RoseAnne Archibald is a Canadian First Nations advocate and politician who is the current National Chief of the Assembly of First Nations (AFN) since July 8, 2021 . She is the first female National Chief of the Assembly of First Nations.

Archibald was first elected as the chief of the Taykwa Tagamou Nation in 1990, being the first woman and the youngest chief to be elected, at the age of 23. She was the first woman and youngest Nishnawbe Aski Nation Deputy Grand Chief in 1991, and the first woman and youngest Grand Chief of the Mushkegowuk Council in 1994. She became the first woman elected as Ontario Regional Chief in 2018. During this tenure, Archibald was the subject of an independent probe after AFN staff accused her of bullying and harassment. While the AFN deemed the allegations credible, Archibald maintains the probe was reprisal. In 2021, Archibald won the National Chief of the Assembly of First Nations election on the second day of voting, after Reginald Bellerose, who was in second place, conceded. 

Archibald was suspended as National Chief on June 17, 2022 over bullying and harassment allegations. The suspension came after she released a statement labelling the allegations a "smear campaign" and calling for an investigation into the AFN's conduct.
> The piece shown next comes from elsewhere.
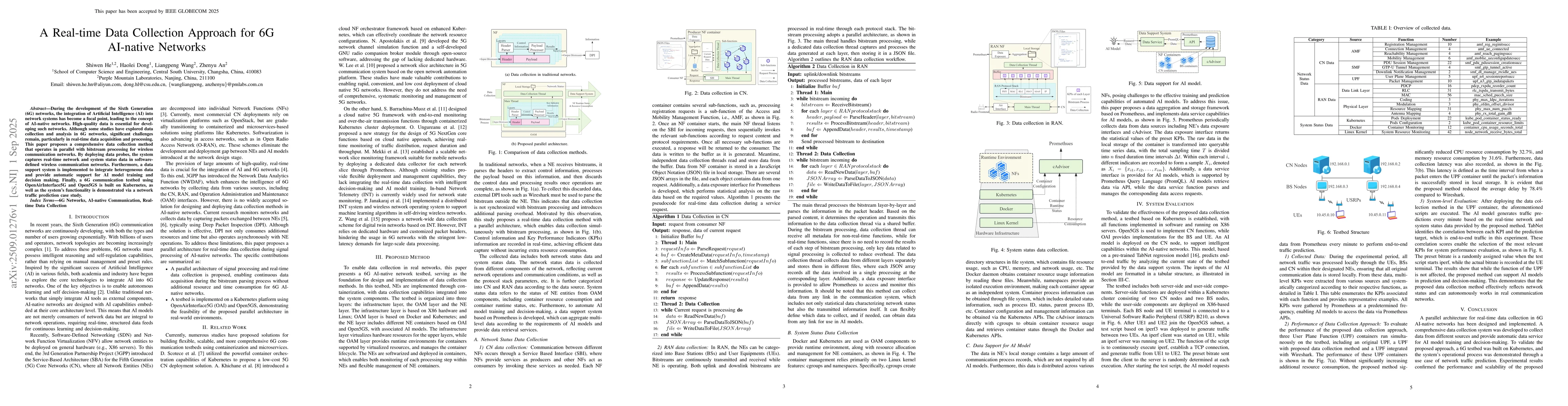 During the development of the Sixth Generation (6G) networks, the integration of Artificial Intelligence (AI) into network systems has become a focal point, leading to the concept of AI-native networks. High quality data is essential for developing such networks. Although some studies have explored data collection and analysis in 6G networks, significant challenges remain, particularly in real-time data acquisition and processing. This paper proposes a comprehensive data collection method that operates in parallel with bitstream processing for wireless communication networks. By deploying data probes, the system captures real-time network and system status data in software-defined wireless communication networks. Furthermore, a data support system is implemented to integrate heterogeneous data and provide automatic support for AI model training and decision making. Finally, a 6G communication testbed using OpenAirInterface5G and Open5GS is built on Kubernetes, as well as the system's functionality is demonstrated via a network traffic prediction case study.
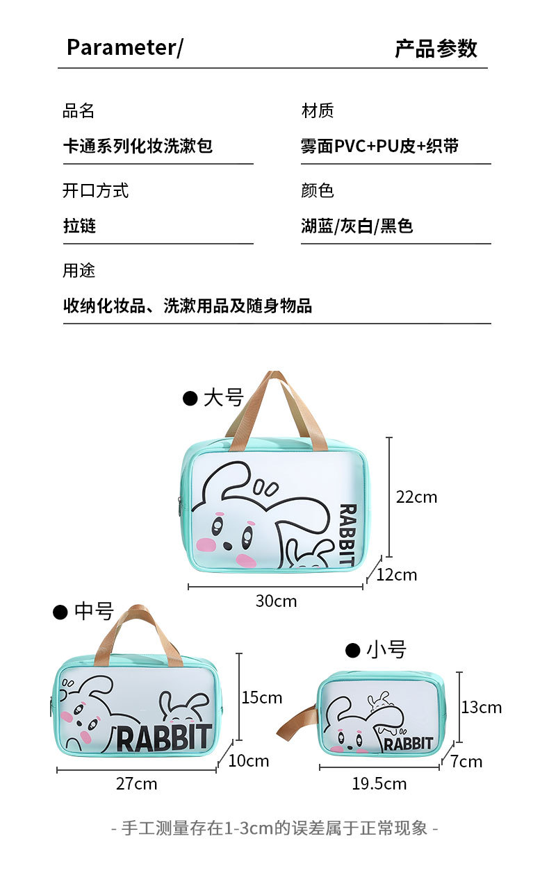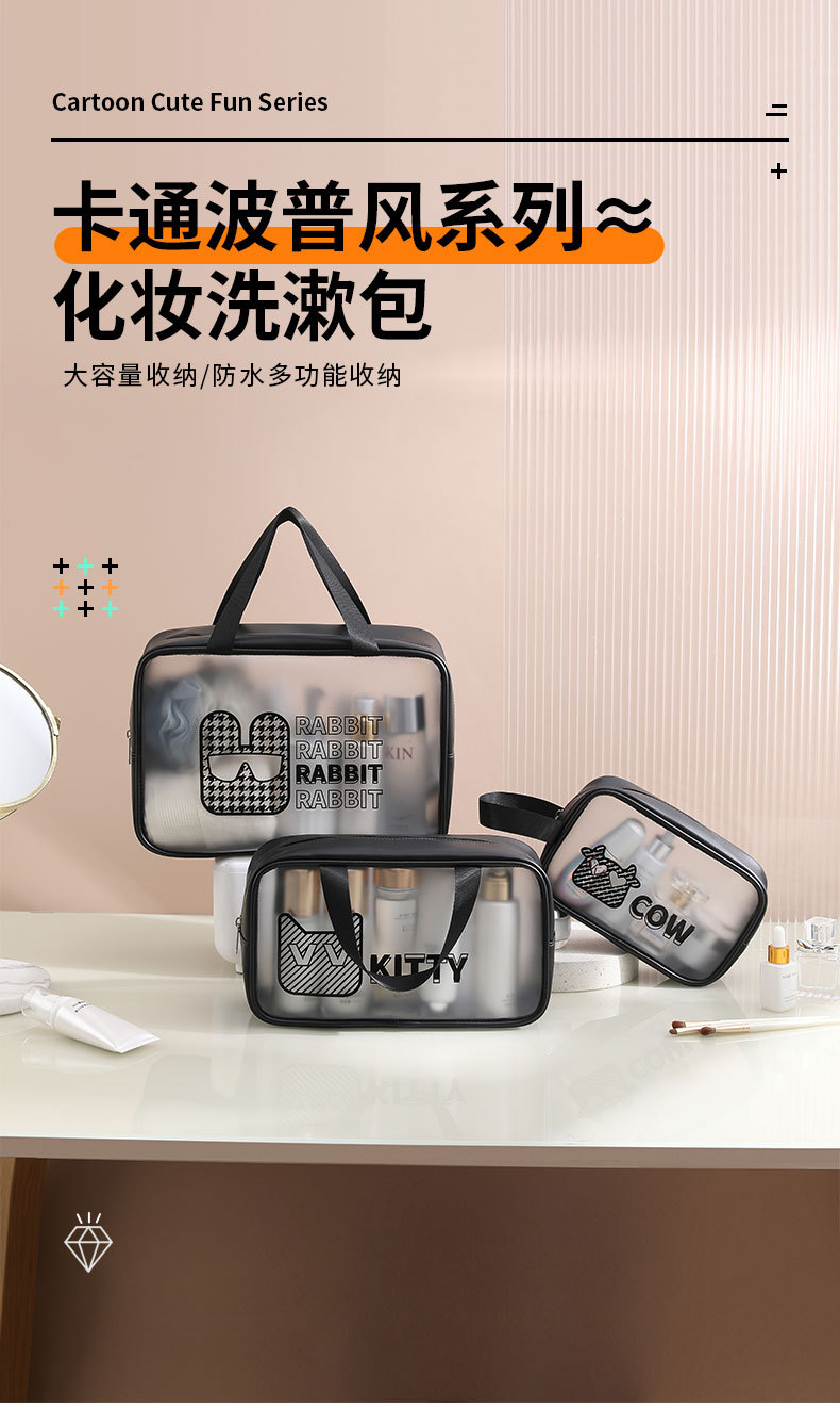 卡通PVC化妆包大容量加厚防水收纳包三件套收纳包便携旅行洗漱包

She was reinstated on July 5, 2022, after a resolution to uphold her suspension was defeated at the AFN General Assembly.

Awards and recognition 
 Toronto Star 20 Ontario Vaccine Heroes
 Maclean's Magazine Power List: 50 Canadians shaping how we think and live
 The Hill Times 100 most influential people to watch in federal politics

References 

Living people
20th-century First Nations people
21st-century First Nations people
Assembly of First Nations chiefs
First Nations activists
Indigenous leaders in Ontario
First Nations women in politics
Year of birth missing (living people)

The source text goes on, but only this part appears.